The Philippine Statistics Authority’s (PSA) January 2017 Labor Force Survey (LFS) showed that the jobless rate increased from 5.7 percent a year ago.
In a statement, state planning agency National Economic and Development Authority said the employment rate of 94.3 percent translated into 39.3 million employed Filipinos in January, lower than the 40.6 million employed a year ago.
“We mainly observe the employment losses in the agriculture sector, which has been affected by typhoons ‘Nina’ and ‘Auring’ that hit our country last December and January,” Socioeconomic Planning Secretary Ernesto M. Pernia said.
“The agriculture sector accounts for the second largest share of total employment at 25.5 percent, which has shed an estimated 882,000 workers or two-thirds of the employment losses,” said Pernia, who also heads Neda.
As such, “the government must focus interventions to diversify the sources of income of our workers in the agriculture sector, increase labor participation of women and address youth unemployment and underutilization,” he said.
Also, Neda said the higher unemployment rate in January was likewise partly due to temporary election-related jobs, which increased early last year ahead of the May 2016 polls.
Neda noted that the jobless rate also inched up in January 2011 or after the 2010 national elections.
Low educational attainment also figured as a reason for unemployment. “The increase in unemployed Filipinos came from those with elementary education only (up by 128,000), followed by those with high school education (up by 88,000),” Neda noted.
“Youth and adult unemployment rates also went up to 15.6 percent and 4.8 percent, respectively, but the bulk of the increase in the unemployed came from adult workers (up by 181,000),” Neda added.
Pernia expects the Duterte administration’s planned infrastructure buildup to create more jobs. “The prospects for job generation may be enhanced with the long pipeline of infrastructure projects for implementation on a 24/7 work mode basis under the current administration,” he said.
“Given that several of these projects are going to be foreign-funded, the government must see to it that foreign contractors are made to agree to recruit technical and blue-color workers who are available in the domestic labor market,” Pernia added.

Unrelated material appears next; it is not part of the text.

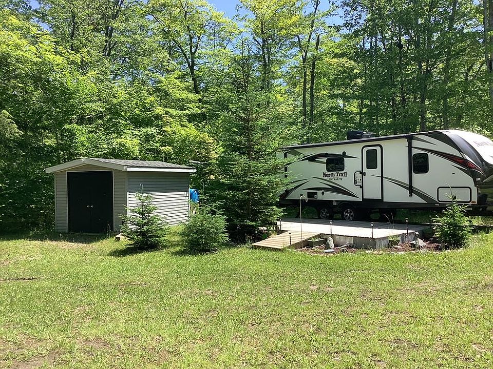 Great wooded lot ready for camping, hunting or as a homesite. Rare zoning area on the island that permits mobile homes or custom conventional homes! There are concrete leveling pads installed for parking a camper and a 10 x 12 shed. Electric is already installed on site and there is a cleared area with firepit, also there are walking trails.

Part of the plan to make the six years of the Duterte administration a so-called “golden age of infrastructure” was spending P847.2 billion or 5.2 percent of the gross domestic product (GDP) on infrastructure this year alone.
The budget for infrastructure expenditures in 2017 accounted for a fourth of the total and was 13.8-percent bigger than last year’s program.
As for high unemployment among the youth, Pernia said the administration’s development blueprint had proposed solutions to this problem. “Critical interventions to address youth unemployment are enumerated in the Philippine Development Plan 2017-2022, particularly to reduce the number of the youth who are neither studying nor employed nor in training.”